The task: Repeat the data exactly, please; no pictures belong in the copy.

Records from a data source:
* * * *

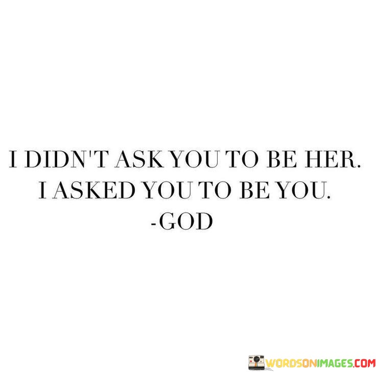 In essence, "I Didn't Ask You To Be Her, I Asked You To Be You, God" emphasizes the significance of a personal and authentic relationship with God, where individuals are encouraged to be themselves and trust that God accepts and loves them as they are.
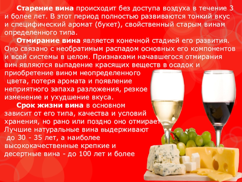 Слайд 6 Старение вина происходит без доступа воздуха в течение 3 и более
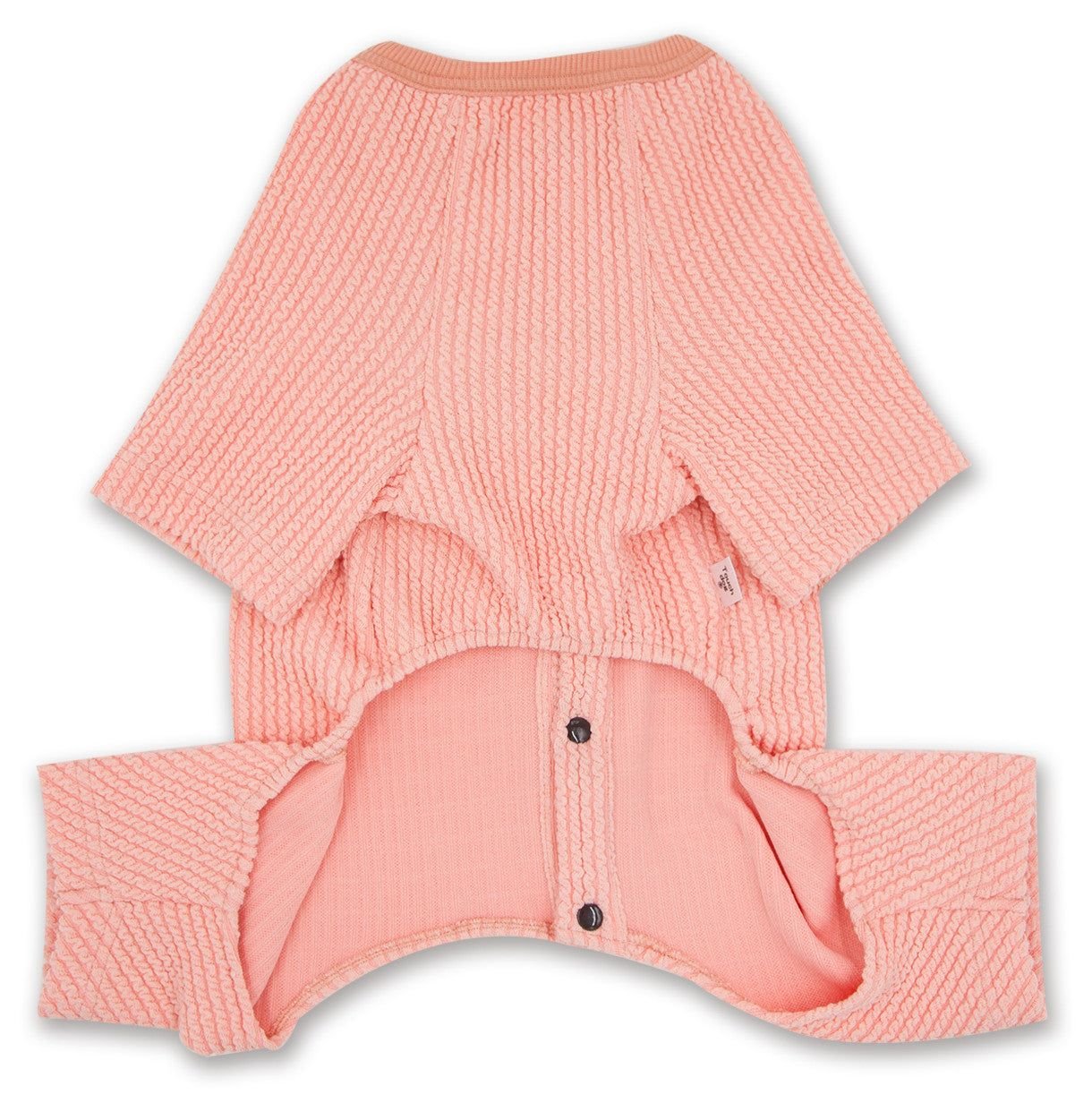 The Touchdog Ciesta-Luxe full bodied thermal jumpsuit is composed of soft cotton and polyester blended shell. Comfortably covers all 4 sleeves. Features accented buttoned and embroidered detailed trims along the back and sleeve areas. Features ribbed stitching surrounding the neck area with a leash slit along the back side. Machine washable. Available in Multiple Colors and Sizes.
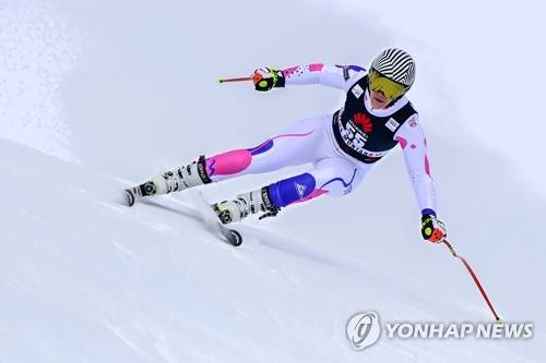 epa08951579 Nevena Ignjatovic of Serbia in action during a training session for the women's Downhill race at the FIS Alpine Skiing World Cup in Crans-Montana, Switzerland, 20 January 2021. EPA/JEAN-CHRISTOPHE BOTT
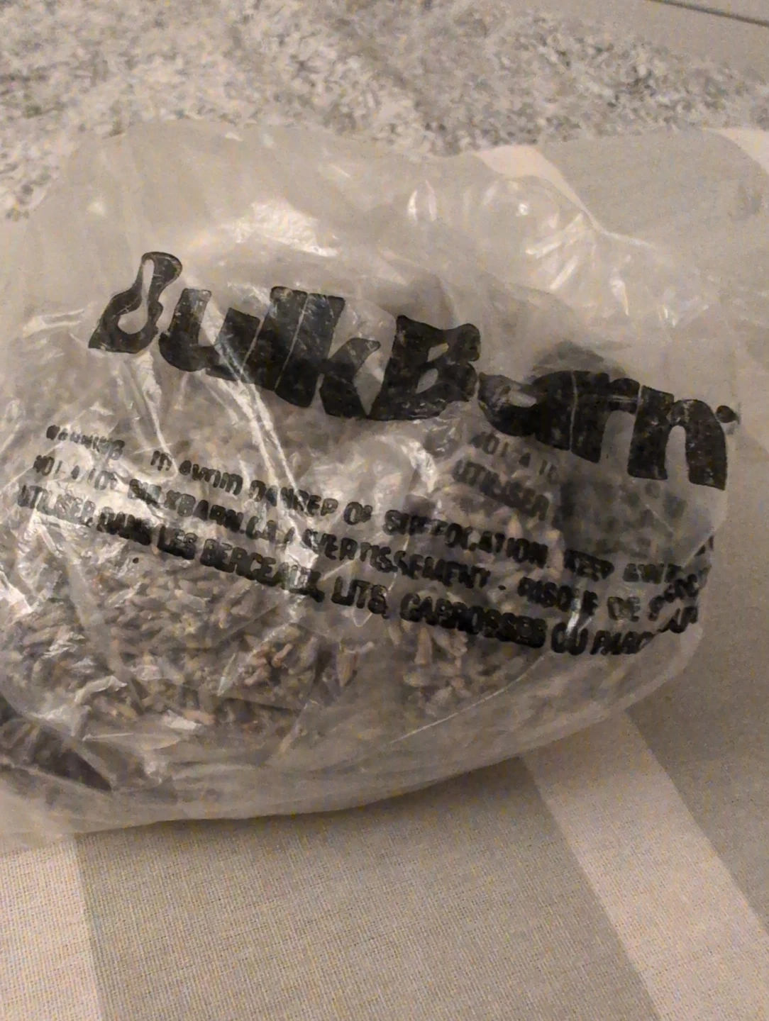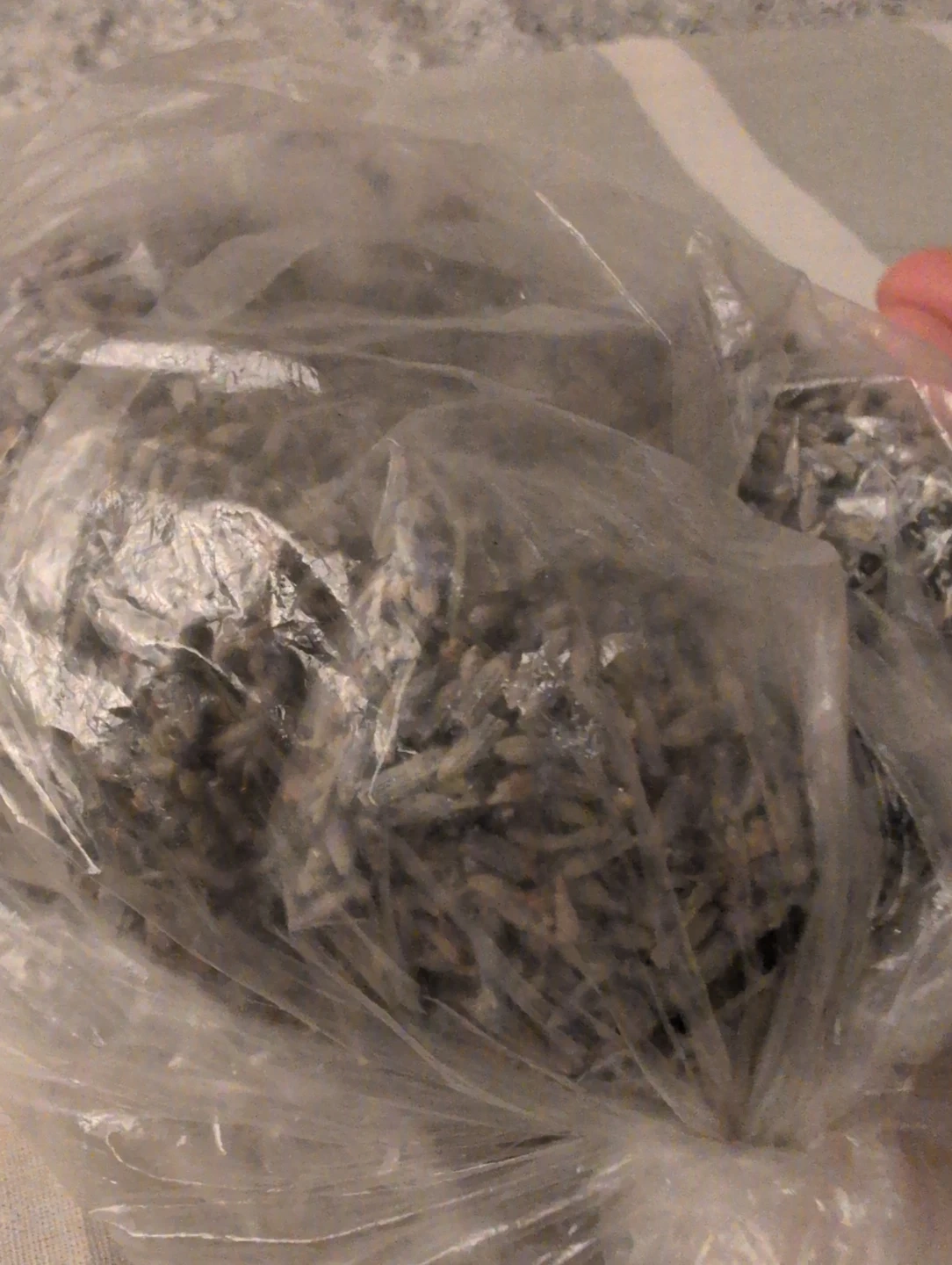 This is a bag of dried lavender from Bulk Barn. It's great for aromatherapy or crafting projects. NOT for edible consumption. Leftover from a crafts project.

* * * *

Written answer:
 In essence, "I Didn't Ask You To Be Her, I Asked You To Be You, God" emphasizes the significance of a personal and authentic relationship with God, where individuals are encouraged to be themselves and trust that God accepts and loves them as they are.
 Слайд 6 Старение вина происходит без доступа воздуха в течение 3 и более
 The Touchdog Ciesta-Luxe full bodied thermal jumpsuit is composed of soft cotton and polyester blended shell. Comfortably covers all 4 sleeves. Features accented buttoned and embroidered detailed trims along the back and sleeve areas. Features ribbed stitching surrounding the neck area with a leash slit along the back side. Machine washable. Available in Multiple Colors and Sizes.
 epa08951579 Nevena Ignjatovic of Serbia in action during a training session for the women's Downhill race at the FIS Alpine Skiing World Cup in Crans-Montana, Switzerland, 20 January 2021. EPA/JEAN-CHRISTOPHE BOTT
 This is a bag of dried lavender from Bulk Barn. It's great for aromatherapy or crafting projects. NOT for edible consumption. Leftover from a crafts project.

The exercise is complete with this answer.